Saved data entries:
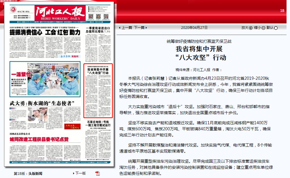 河北工人报:统筹做好疫情防控和打赢蓝天保卫战 我省将集中开展“八大攻坚”行动
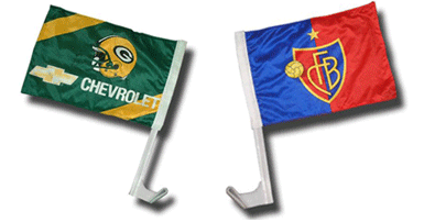 Made from durable 2-ply polyester. 7 1/2" x 10 1/2" double sided flags are printed in full color digital process. Double sided flag can be read properly on both sides.Mounted on a 21 1/2" white plastic staff to attach to your car window and stay in place when window is closed all the way.
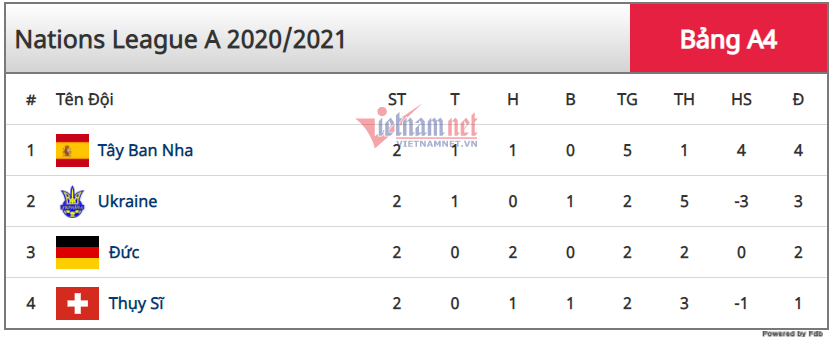 Đại thắng 4-0 trước Ukraine, Tây Ban Nha đã có 4 điểm sau 2 trận và chiếm ngôi đầu bảng A4 UEFA Nations League từ chính đối thủ này.
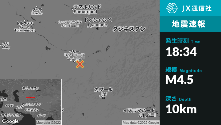 4月24日 18:34頃、アフガニスタンのKhulmから西南西17kmの地点でM4.5の地震がありました。
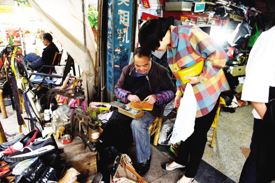 昨天,在义乌湖清门一带修鞋已有26年的金兴林正在帮客人修补鞋子。 老金说,以前有个在美国做生意的义乌人,回国时带来30多双鞋子让我修补。义乌人不管生意做得再大,艰苦朴素的传统一直保留着。 除了本地人、外地人,一些在义乌的外国人也常来找老金修鞋子,老金不懂外语,就靠比手画脚来沟通。
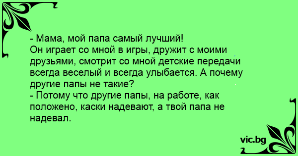 Он играет со мной в игры, дружит с моими друзьями, смотрит со мной детские передачи всегда веселый и всегда улыбается. А почему другие папы не такие?
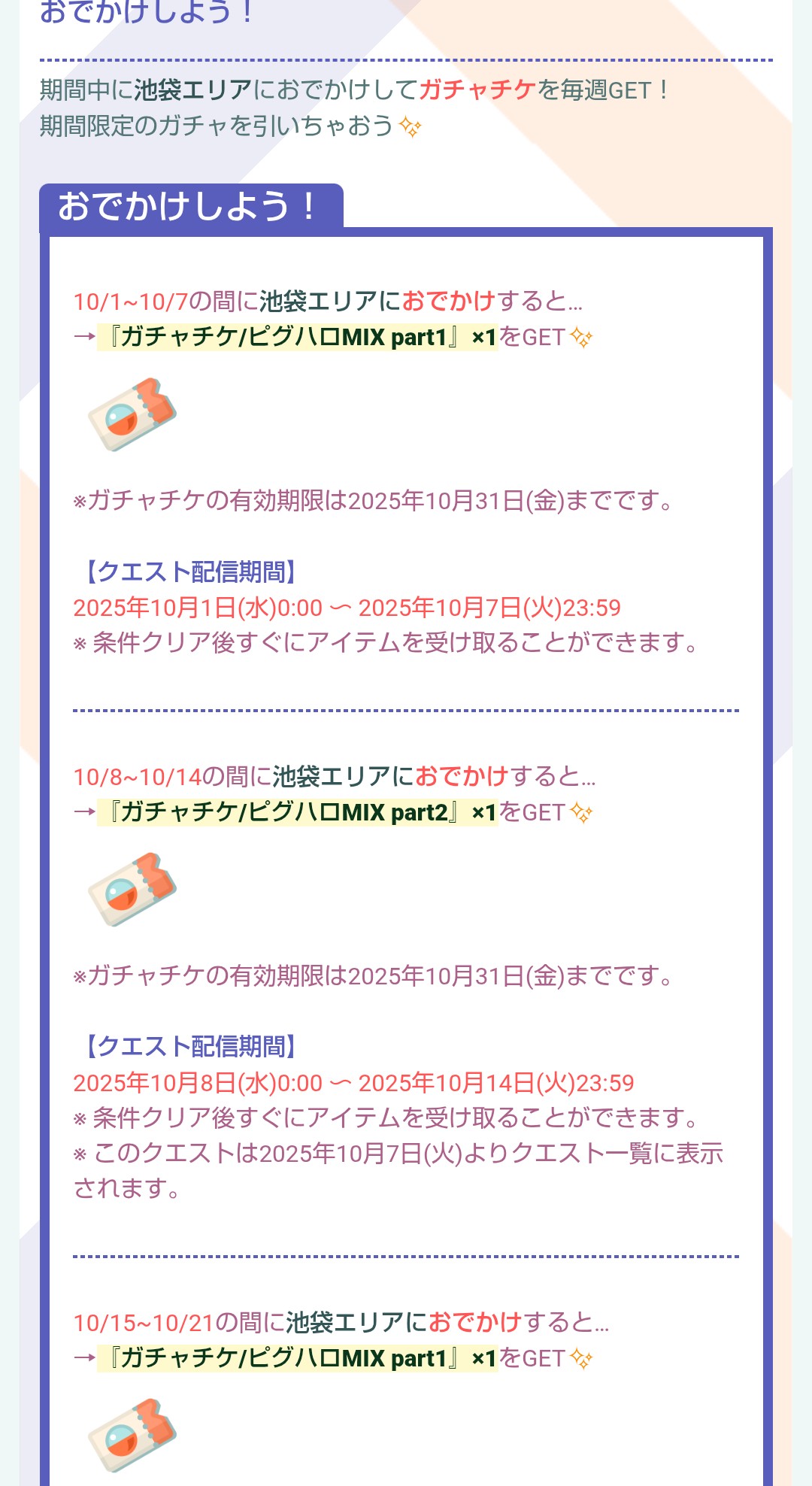 池袋エリアへおでかけ→ピグハロMIX part2のガチャチケ×1ずつ計2枚
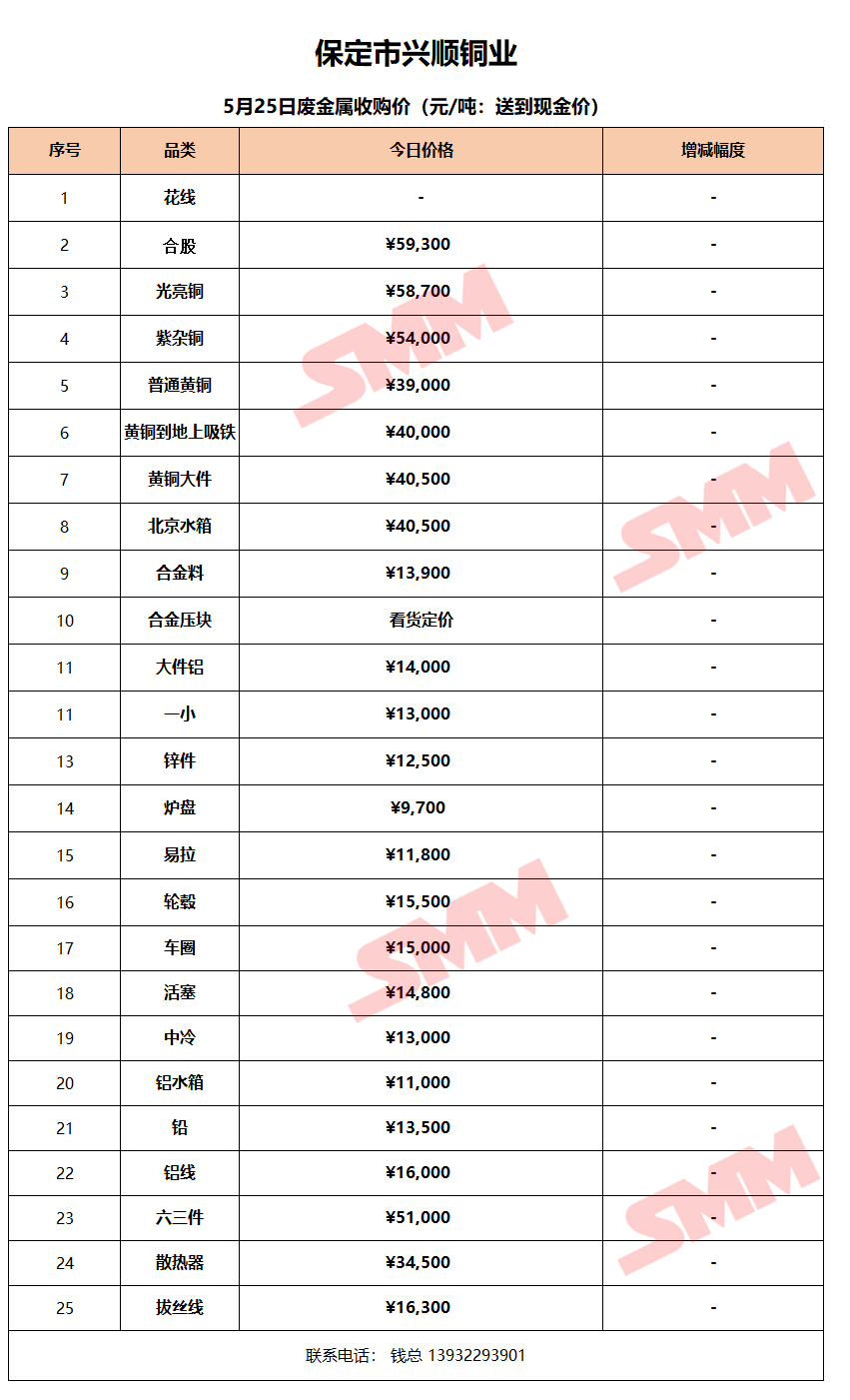 今日保定兴顺铜业,废金属收购报价已更新,有货的朋友欢迎联系我们!

Problem to solve:
What you give back must be the data above, reproduced exactly and free of pictures.

Solved exercise:
 河北工人报:统筹做好疫情防控和打赢蓝天保卫战 我省将集中开展“八大攻坚”行动
 Made from durable 2-ply polyester. 7 1/2" x 10 1/2" double sided flags are printed in full color digital process. Double sided flag can be read properly on both sides.Mounted on a 21 1/2" white plastic staff to attach to your car window and stay in place when window is closed all the way.
 Đại thắng 4-0 trước Ukraine, Tây Ban Nha đã có 4 điểm sau 2 trận và chiếm ngôi đầu bảng A4 UEFA Nations League từ chính đối thủ này.
 4月24日 18:34頃、アフガニスタンのKhulmから西南西17kmの地点でM4.5の地震がありました。
 昨天,在义乌湖清门一带修鞋已有26年的金兴林正在帮客人修补鞋子。 老金说,以前有个在美国做生意的义乌人,回国时带来30多双鞋子让我修补。义乌人不管生意做得再大,艰苦朴素的传统一直保留着。 除了本地人、外地人,一些在义乌的外国人也常来找老金修鞋子,老金不懂外语,就靠比手画脚来沟通。
 Он играет со мной в игры, дружит с моими друзьями, смотрит со мной детские передачи всегда веселый и всегда улыбается. А почему другие папы не такие?
 池袋エリアへおでかけ→ピグハロMIX part2のガチャチケ×1ずつ計2枚
 今日保定兴顺铜业,废金属收购报价已更新,有货的朋友欢迎联系我们!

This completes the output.